'''
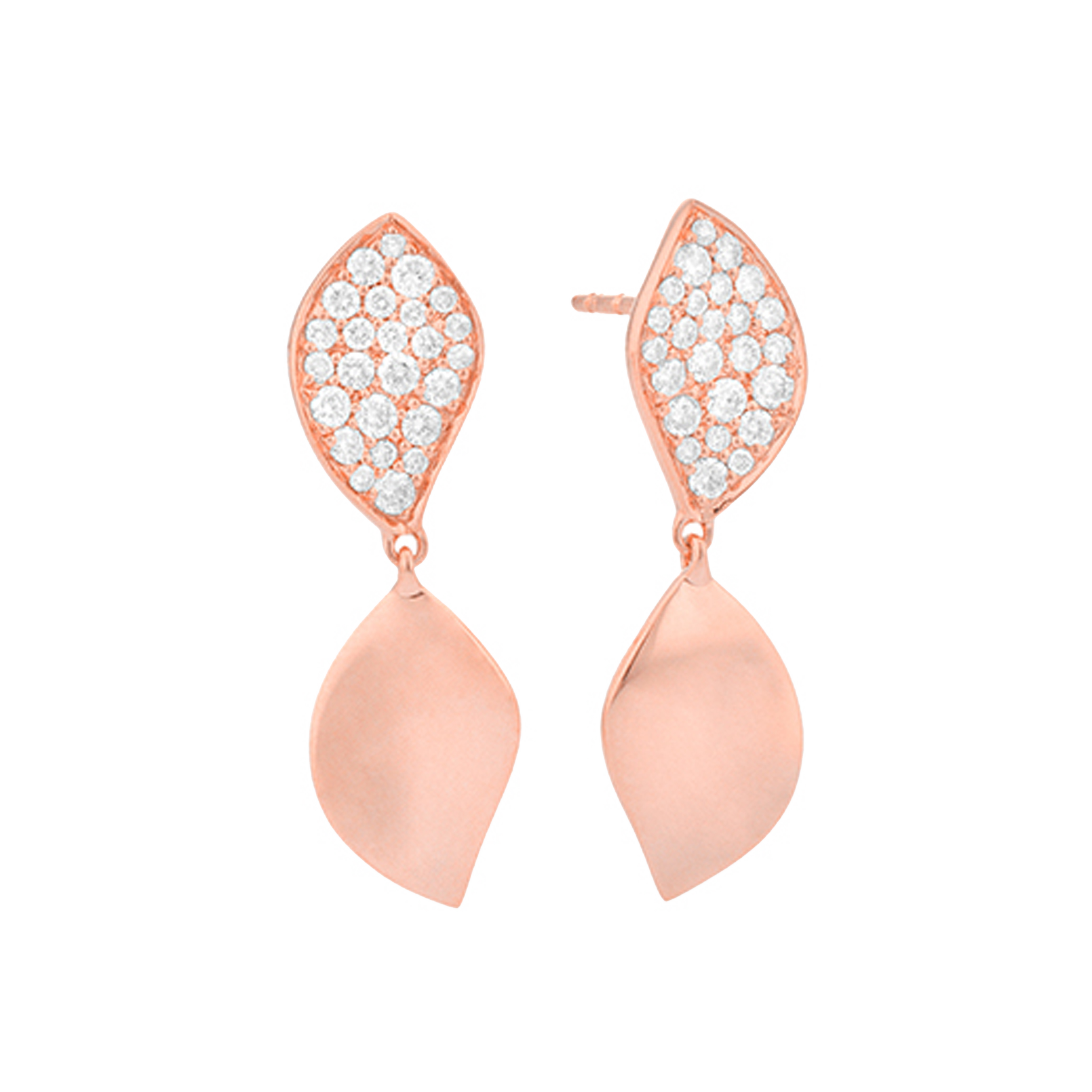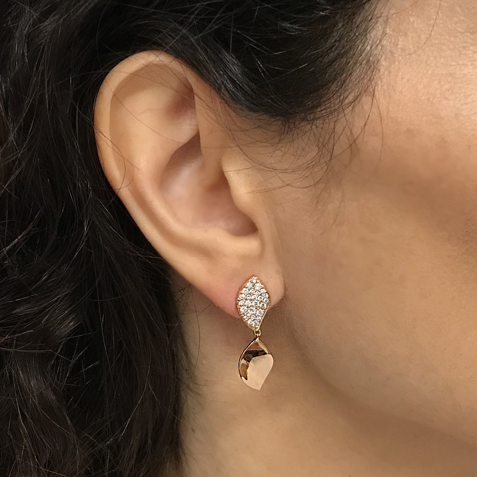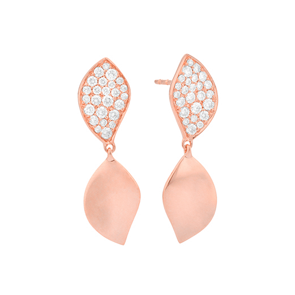 18K rose gold earring, diamond color GH, clarity SI 0.61 ct, 74 stones, pressure clasp
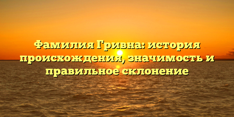 - Исследуем историю происхождения и значимость фамилии Гривна и узнаем, как правильно ее склонять
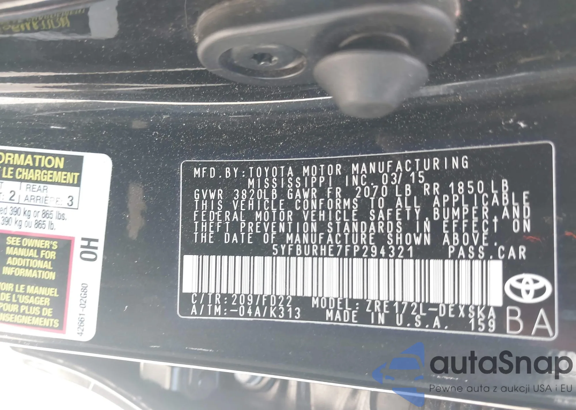 • VIN 5YFBURHE7FP294321
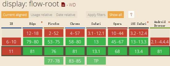 display:flow-root 刚出来的时候,我一看兼容性,啧啧,不知道猴年马月才能用在生产环境,今天又遇到这厮,一查兼容性,嘿,小子,不错嘛,Safari浏览器从版本13开始支持了,距离流行使用指日可待。
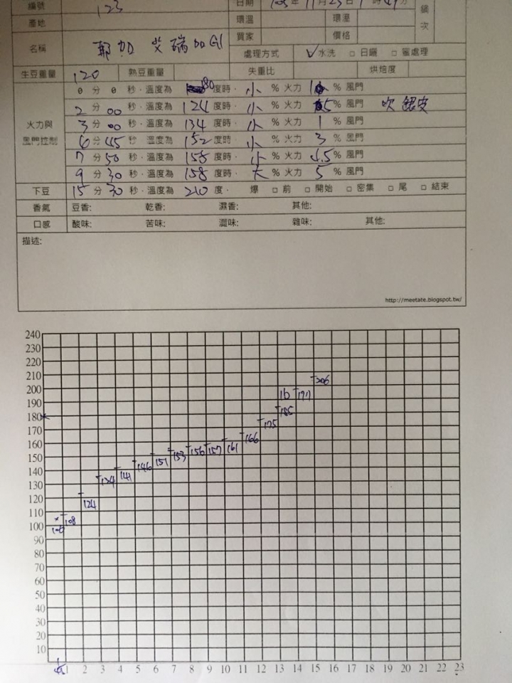 sherlock_C wrote:我有換成數位的喔~是...(恕刪) 4分半到160度,加上一爆密集就下豆,可能導致豆心不夠熟(會有草味嗎?)養個10天再喝看看也不遲… ,有一次我肯亞也烘很淺,一開始沒什麼味道 ,放著不喝一個多禮拜後拿來喝,味道就好很多了……我個人是習慣從回溫開始到150度 7分鐘……其實你有在記錄曲線很好,每一支喝下來感覺寫上去,改變一下手法,例如一爆末下,或者一爆末滑行幾秒下…或者前段時間拉長…等等,你會慢慢找到自己的感覺…火力跟升溫曲線自己要抓好節奏……
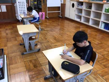 お昼前に、4年生が交通安全教室から帰ってきました。各学級で振り返りをしています。学んだこととして、「止まれのしるしは、自転車も止まる」「横断歩道では、降りて押して歩く」等を書いていました。
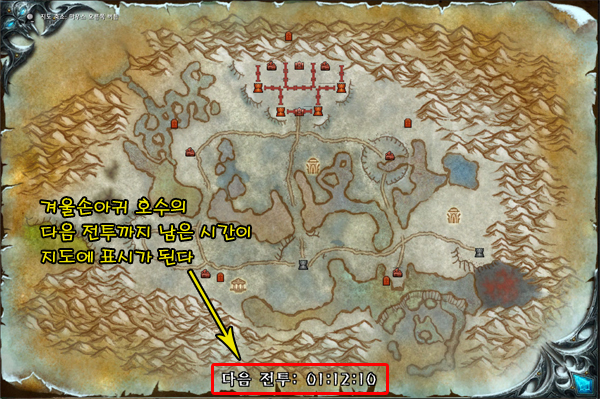 지금까지는 각 진영의 겨울손아귀 전투마법사에게 말을 걸어 다음 겨울손아귀 호수 전투시간을 확인하였습니다. 그러나 3.1패치 이후에는 어디서든 겨울손아귀 호수 지도만 펼치면 다음 전투까지의 남은 시간을 확인할 수가 있습니다.
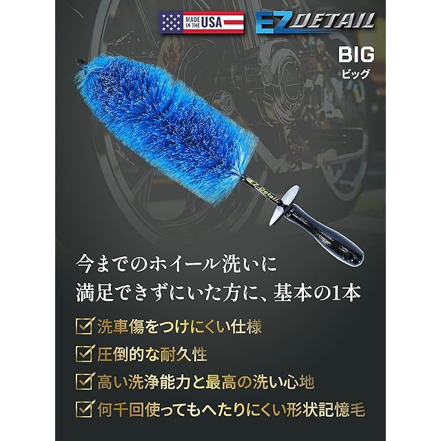 【プロ仕様】EZ Detailブラシ(イージーディテールブラシ)は、ホイールの隙間や手の届きにくい部分の洗浄に最適。特殊形状の毛材で、ホイール表面に傷をつけずに汚れをしっかり除去できます。ホイール洗車に欠かせない洗車ホイールブラシ。【ビッグサイズ】大口径ホイールや奥行きのあるホイールの洗浄にも対応。ビッグブラシ(直径10.2cm × 長さ45.7cm)は、ホイールの奥までしっかり届き、効率的に洗浄可能。さらに、エンジンルームやグリル、マフラー周りなどのクリーニングにも対応。1本で幅広い用途に使えるホイール洗車ブラシ。【形状記憶毛材Nylex】特殊ナイレックス(Nylex)繊維を採用し、繰り返し使用しても元の形に戻る耐久性抜群の洗車ブラシ ホイール用。毛先は適度な柔らかさを保ちつつ、ホイールの頑固なブレーキダストや汚れをしっかり除去。長期間愛用できる高品質設計。【ホイールを傷つけない安全設計】EZディテールブラシは、強化ビニールコーティングされた軸と先端キャップを採用し、ホイールやリムを傷つけにくい安全設計。ホイールのスポーク間やナットホールの汚れをしっかり落としながら、繊細なホイールの仕上がりを守る。【柔らかさと洗浄力のバランス】柔軟性のあるブラシ繊維が、ホイールの隙間や細部まで入り込み、優しく洗浄しながらも、頑固なブレーキダストや汚れをしっかり除去。洗車 ホイールブラシ おすすめの1本! 高級ホイールの手入れにも安心して使用可能。
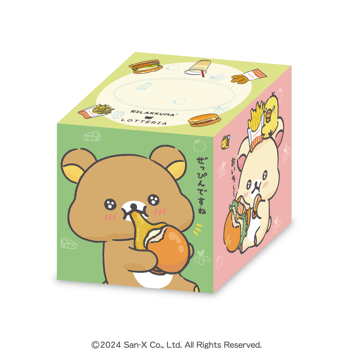ロッテリアのメニューを頬張る描き下ろしデザインの「リラックマ」たちが1面ずつ大きくあしらわれています。
'''
*The task*. Retype, please, exactly the lines that begin with the one containing "ホイールブラシ おすすめの1本! 高級ホイールの手入れにも安心して使用可能。" and end at the last line of the entries above, both included, leaving out pictures.

*Response for this exercise*.
 【プロ仕様】EZ Detailブラシ(イージーディテールブラシ)は、ホイールの隙間や手の届きにくい部分の洗浄に最適。特殊形状の毛材で、ホイール表面に傷をつけずに汚れをしっかり除去できます。ホイール洗車に欠かせない洗車ホイールブラシ。【ビッグサイズ】大口径ホイールや奥行きのあるホイールの洗浄にも対応。ビッグブラシ(直径10.2cm × 長さ45.7cm)は、ホイールの奥までしっかり届き、効率的に洗浄可能。さらに、エンジンルームやグリル、マフラー周りなどのクリーニングにも対応。1本で幅広い用途に使えるホイール洗車ブラシ。【形状記憶毛材Nylex】特殊ナイレックス(Nylex)繊維を採用し、繰り返し使用しても元の形に戻る耐久性抜群の洗車ブラシ ホイール用。毛先は適度な柔らかさを保ちつつ、ホイールの頑固なブレーキダストや汚れをしっかり除去。長期間愛用できる高品質設計。【ホイールを傷つけない安全設計】EZディテールブラシは、強化ビニールコーティングされた軸と先端キャップを採用し、ホイールやリムを傷つけにくい安全設計。ホイールのスポーク間やナットホールの汚れをしっかり落としながら、繊細なホイールの仕上がりを守る。【柔らかさと洗浄力のバランス】柔軟性のあるブラシ繊維が、ホイールの隙間や細部まで入り込み、優しく洗浄しながらも、頑固なブレーキダストや汚れをしっかり除去。洗車 ホイールブラシ おすすめの1本! 高級ホイールの手入れにも安心して使用可能。
ロッテリアのメニューを頬張る描き下ろしデザインの「リラックマ」たちが1面ずつ大きくあしらわれています。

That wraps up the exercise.